Objectives: Adipocytes of peripancreatic and intrapancreatic adipose tissue secret adipocytokines such as leptin, adiponectin, and resistin. For resistin, a role as an early predictor of peripancreatic necrosis and clinical severity in acute pancreatitis has been reported. It was the aim of this study to investigate whether the adipocytokine visfatin is able to serve as an early marker predicting peripancreatic necrosis and clinical severity.
Methods: A total of 50 patients (20 females and 30 males) with acute pancreatitis were included in this noninterventional, prospective, and monocentric cohort study on diagnostic accuracy. Clinical severity was classified by the Ranson score and APACHE-II (Acute Physiology and Chronic Health Evaluation II) score. Pancreatic and peripancreatic necrosis were quantified by the computed tomography-based Balthazar score, the Schroeder score, and the pancreatic necrosis score. Visfatin was measured at admission and daily for 10 days by enzyme-linked immunosorbent assay (ELISA).

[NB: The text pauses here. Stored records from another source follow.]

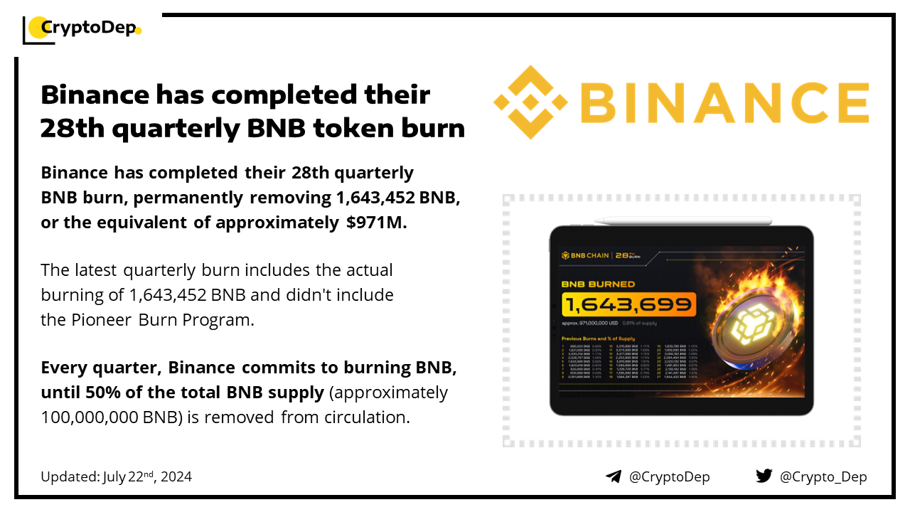 Binance has completed their 28th quarterly BNB burn, permanently removing 1,643,699 BNB, or the equivalent of approximately $971M. The latest quarterly burn includes the actual burning of 1,643,699 BNB, and didn't include the Pioneer Burn Program. Every quarter, Binance commits to burning BNB, until 50% of the total BNB supply (approximately 100,000,000 BNB) is removed from circulation.
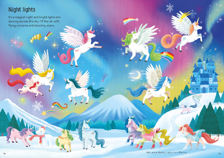 Join playful mermaids as they navigate a shipwreck, collect treasure and meet all kinds of sea creatures. Then, see unicorns and fairies play in forests and palaces, splash in waterfalls and dance by moonlight. With enchanting illustrations and over 700 stickers, this magical sticker book will keep little children entertained for hours.
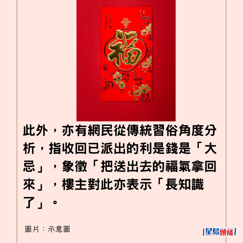 此外,亦有網民從傳統習俗角度分析,指收回已派出的利是錢是「大忌」,象徵「把送出去的福氣拿回來」,樓主對此亦表示「長知識了」。
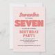 Celebre seu grande dia com o sétimo convite de aniversário desta garota! Apresentando uma tipografia rosa de "sete", um padrão floral fofo, e um simples modelo, este design é perfeito para uma celebração moderna e minimalista. O guião caprichoso da caligrafia acrescenta um toque lúgubre, enquanto as elegantes flores chic trazem uma vibração na moda. Personalize este convite divertido e encantador hoje para uma comemoração memorável de aniversário!
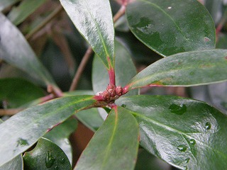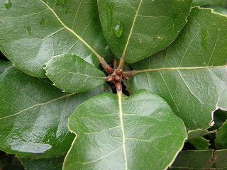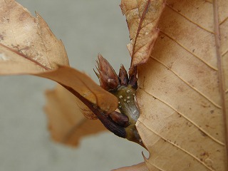 【左】クヌギには枯れ葉が付いている。 【右】イスノキに虫こぶがあるよ
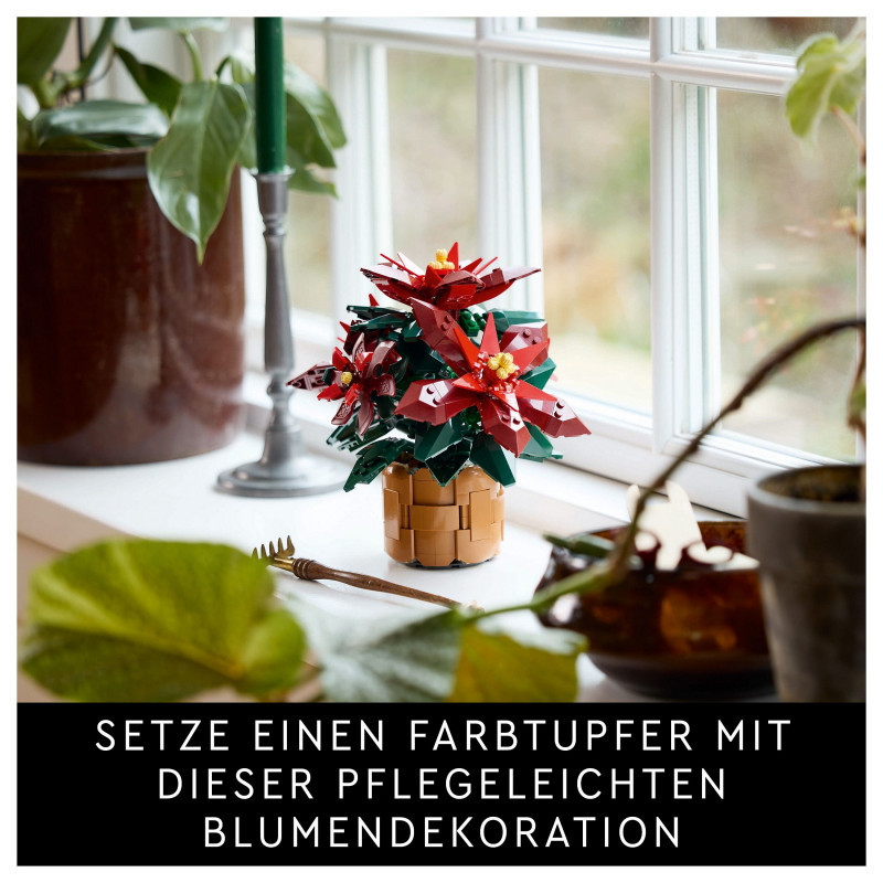 "LEGO Botanicals Poinsettia. Product type: Building set, Recommended age (min): 18 yr(s), Material: Plastic, Number of pieces: 608 pc(s). Package weight: 640 g"\n"Create an elegant, zero-maintenance floral display with this LEGO® Botanicals Poinsettia (10370) plant decor building set for adults. Indulge in a mindful building project or treat a loved one to this timeless floral display – a perfect gift idea for any occasion.
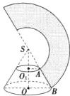 (2)如图所示,设圆台的上底面周长为c cm,因为扇形的圆心角是180°,故c = π·SA = 2π×10(cm),所以$SA = \frac{c}{π} =20 cm.$同理可得SB = 40 cm,所以AB = SB - SA = 20 cm,所以$S_{表} = S_{侧} + S_{上底} + S_{下底} = π(10 + 20)×20 + π×10² + π×20² = 1100π(cm²).$故圆台的表面积为1100πcm².
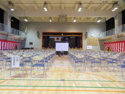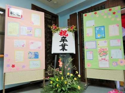 子どもたちの下校後は、教職員が心を込めて会場準備を行いました。このような状況だからこそ、子どもたちの思い出に残る卒業式にしたいと思っています。心温まるお祝いのメッセージボードが体育館入口にあります。
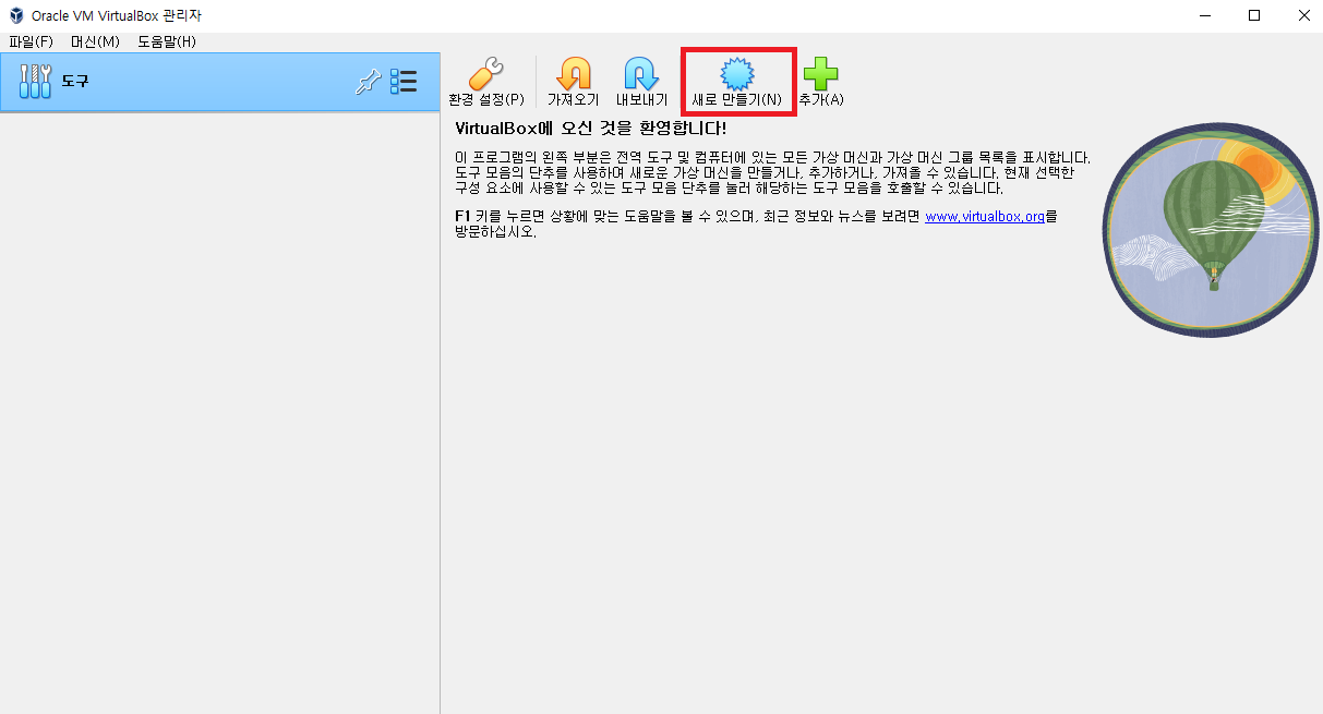 2. Oracle VM VirtualBox 를 켠다. > [새로 만들기 버튼]을 클릭한다.
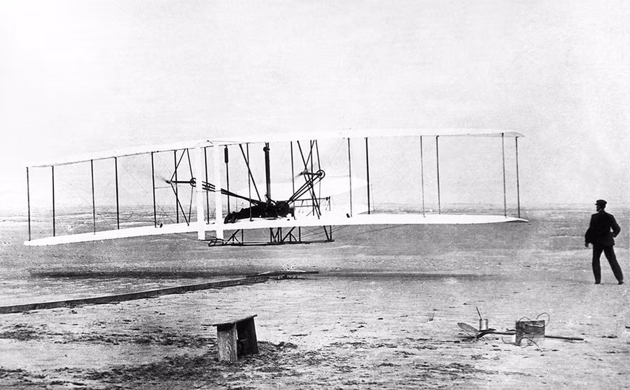 Khi anh em Wright đến North Carolina để thử chiếc máy bay lần đầu tiên, họ phải quyết định ai sẽ là người đầu tiên lái máy bay đi vào sử sách của nhân loại. Để cho công bằng, họ chọn cách tung đồng xu, và Wilber thắng. Tuy nhiên, anh lại gặp thất bại, chiếc máy không cất cánh được và bị hư hỏng nhẹ. Sau khi được sửa chữa, tới phiên Orville bay. Vào ngày 17/12/1903, chiếc máy bay cơ khí đầu tiên đã bay trên quãng đường khoảng 36m, mất 12 giây trên không.

Results: Visfatin values were significantly and positively correlated with clinical severity (APACHE-II score and Ranson score) and with clinical end points such as death and need for interventions. Admission visfatin levels were significantly elevated in patients with higher pancreatic and extrapancreatic necrosis scores. It was shown by receiver operator characteristics that admission visfatin concentration provides a positive predictive value of 93.3% in predicting the extent of peripancreatic necrosis (area under the curve (AUC): 0.89, P<0.001, sensitivity: 93.3%, specificity: 81.8%, likelihood ratio: 5.1, post-test probability: 93%) by using a cutoff value of 1.8 ng/ml.
Conclusions: Admission visfatin concentration serves as an early predictive marker of peripancreatic necrosis and clinical severity in acute pancreatitis. Visfatin may have potential for clinical use as a new and diagnostic serum marker.